FIGS. 4-7 illustrate an exemplary embodiment of the regulator 10′ for regulating volumetric flow of ink traveling between an ink source (not shown) and a print head in fluid communication with an ink outlet 14′. As introduced above, the regulator 10′ includes a pressurized chamber 16′ having an ink inlet 18′ in fluid communication with the ink source and the ink outlet 14′, which is in fluid communication with the print head (not shown). In this exemplary embodiment, the pressurized chamber 16′ is formed by an injection molded base 34 having a floor 36, a pair of elongated opposing side walls 38 and a pair of elongated opposing end walls 40 which collectively form a generally rectangular top opening bounded by the four interior walls. The elongated side walls each include a pair of vertical ribs forming a bearing seat for receiving bearing pins 42 of the lever 24′, thereby forming the lever's fulcrum 20′.

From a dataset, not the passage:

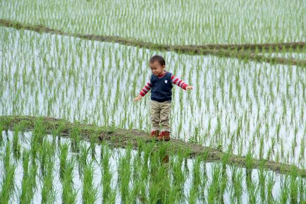 Esther, David and Samuel went out to the paddy fields, while Joseph rested (flu starting).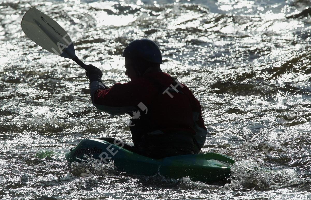 A kayaker is silhouetted as he paddles along the Ottawa River in Ottawa Thursday, April 8, 2004.(CP PHOTO/Jonathan Hayward)

The floor 36 includes a generally cylindrical orifice forming the ink outlet 14′ and a generally oval orifice 44 over which the flexible wall/diaphragm 22′ is mounted. A pair of perpendicular, diametrical spring supports 46 (forming a cross) are positioned within the cylindrical channel of the outlet 14′, where the central hub of the cross formed by the pair of diametrical supports 46 extends upwardly to form an axial projection for seating a spring 50 thereabout. Circumferentially arranges gaps 49 between the supports 46 provide fluid communication between the chamber 16′ and the ink outlet 14′ (see FIG. 5). The spring 50 provides the bias represented by arrow A in FIGS. 1-3.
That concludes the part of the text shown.